Она смотрела, как он возвращается к беличьему колесу, заранее зная, чем это кончится к вечеру, зная, что он тоже знает, но не сдается. И тогда муж виделся ей сильным и смелым, как Рустам или Сохраб, эпическим героем, чьи повседневные подвиги заслуживают быть воспетыми в его собственной «Шахнаме», в «Йезаднаме», и благодарила за него судьбу, Бога, фортуну – кто бы там ни заведовал делами мира…
Ее страшила мысль о том, как папино появление скажется на их утренних часах. Любой ценой должна она сохранить для Йезада их ритм. Она исполнилась решимости не допустить, чтобы хоть на волосок изменился утренний распорядок, который приносит ему столько радости.
Роксана допивала вторую чашку, когда Джехангир и Нариман проснулись, разбуженные звонком Мурада. Она открыла сыну дверь, потрепала по плечу, не рискуя задерживать его в объятиях. Он зашвырнул под стол школьную сумку, прошел в большую комнату.
– Привет, дедушка, – сказал Мурад, будто увидеть деда на диване – дело совершенно нормальное.
– Ты не хочешь узнать, почему дедушка у нас?
Мурад выслушал рассказ матери, подумал и принял решение:
– Раз дедушка гостит у нас, так я буду спать на балконе, а Джехангир пусть спит на топчане.
– На балконе спать буду я, – объявил брат.
– Что такое? – спросил Нариман. – Оба хотите удрать из комнаты? Неужели от меня так плохо пахнет?
Братья возмутились – ничего подобного! Просто спать на балконе гораздо интереснее, можно смотреть на звезды и на облака.
– Решим, когда папа придет, – подвела итог Роксана.
Распаковав судно и утку, она тщательно обследовала их и понесла мыть. «У людей разные представления о чистоте», – подумала она, снова закипая яростью против Джала и Куми.
– Что за штуки? – заинтересовался Джехангир, когда мать вернулась и задвинула их под диван.
– Они нужны дедушке.
– Зачем?
– Вон то – бутылка для пи-пи, – показал Мурад, – а это – для другого.
Джехангир недоверчиво взглянул на мать.
– Правда, мам, зачем они?
– Мурад же сказал. Дедушка не может сам ходить в туалет.

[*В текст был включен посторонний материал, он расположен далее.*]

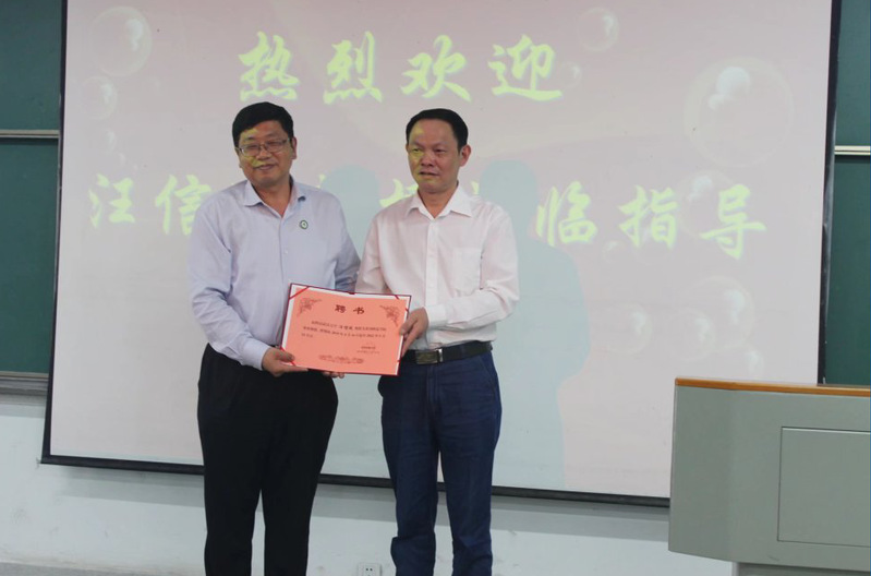 在学术报告前,我校党委书记王立兵为汪信砚教授颁发了“客座教授”聘书。汪信砚教授长期从事马克思主义哲学教学与研究工作,是教育部社会科学委员会哲学学部副秘书长、中国价值哲学研究会副会长、全国应用哲学研究会副会长、国务院学位委员会哲学学科评议组成员、国家社会科学基金学科规划评审组专家、教育部“长江学者”特聘教授。

Джехангир скорчил рожу – фу! – скорее для проформы, чем от подлинного отвращения.
В шесть тридцать у двери послышались шаги Йезада, и мальчики наперегонки бросились открывать.
– Папа, можно я сделаю навес и буду спать на балконе? – завопил Джехангир, даже не дав Мураду толком открыть дверь.
– Нет, папа, это моя идея. Можешь у мамы спросить!
Йезаду понравился взволнованный прием.
– Дайте сначала в дом войти! Сначала скажите «привет» усталому отцу, а уж потом приставайте с требованиями!
– Привет, – сказали братья в унисон. – Можно я буду спать на балконе?
Йезад затворил дверь и задвинул засов.
– Рокси, что за безумный план пришел в головы твоих сынов?
Он шагнул в комнату:
– Хэлло? Это вы, чиф?
«Что такое, – думал он, – ясное дело, чиф в гости заглянул, но почему один? И почему он на диване лежит? Плохо себя почувствовал?»
Гипс на ноге, который мог бы объяснить причину, был скрыт простыней. Не желая выказать растерянность, Йезад с улыбкой подошел пожать тестю руку.
Дети продолжали спорить.
Раз дедушка занял его постель, так он и должен на балконе спать, доказывал Джехангир. Ничего подобного, стоял на своем Мурад, он старше и с ним все будет в порядке, а Джехангир может спросонок встать с постели и свалиться с балкона…
– Тихо, а то сейчас оба получите! – прикрикнула мать. – Балкон, балкон, балкон! Это что, главное? Я даже не успела рассказать папе про дедушку!
Она подошла к дивану, вытирая мокрые руки о юбку.
– Ты просто не поверишь, Йезад, когда услышишь, как ужасно повели себя Джал и Куми.
– Хотели как лучше, – мягко сказал Нариман, – не надо злиться на брата и сестру.
– Брата и сестру только по матери, если уж быть точным, папа!
– В детстве ты никогда так не думала, – невесело заметил Нариман.
– А они никогда так не вели себя!
– Можно попросить, чтобы мне наконец рассказали, в чем дело?
Роксана изложила события сегодняшнего утра и минувшей недели. Когда она закончила повествование, Йезад только головой покачал.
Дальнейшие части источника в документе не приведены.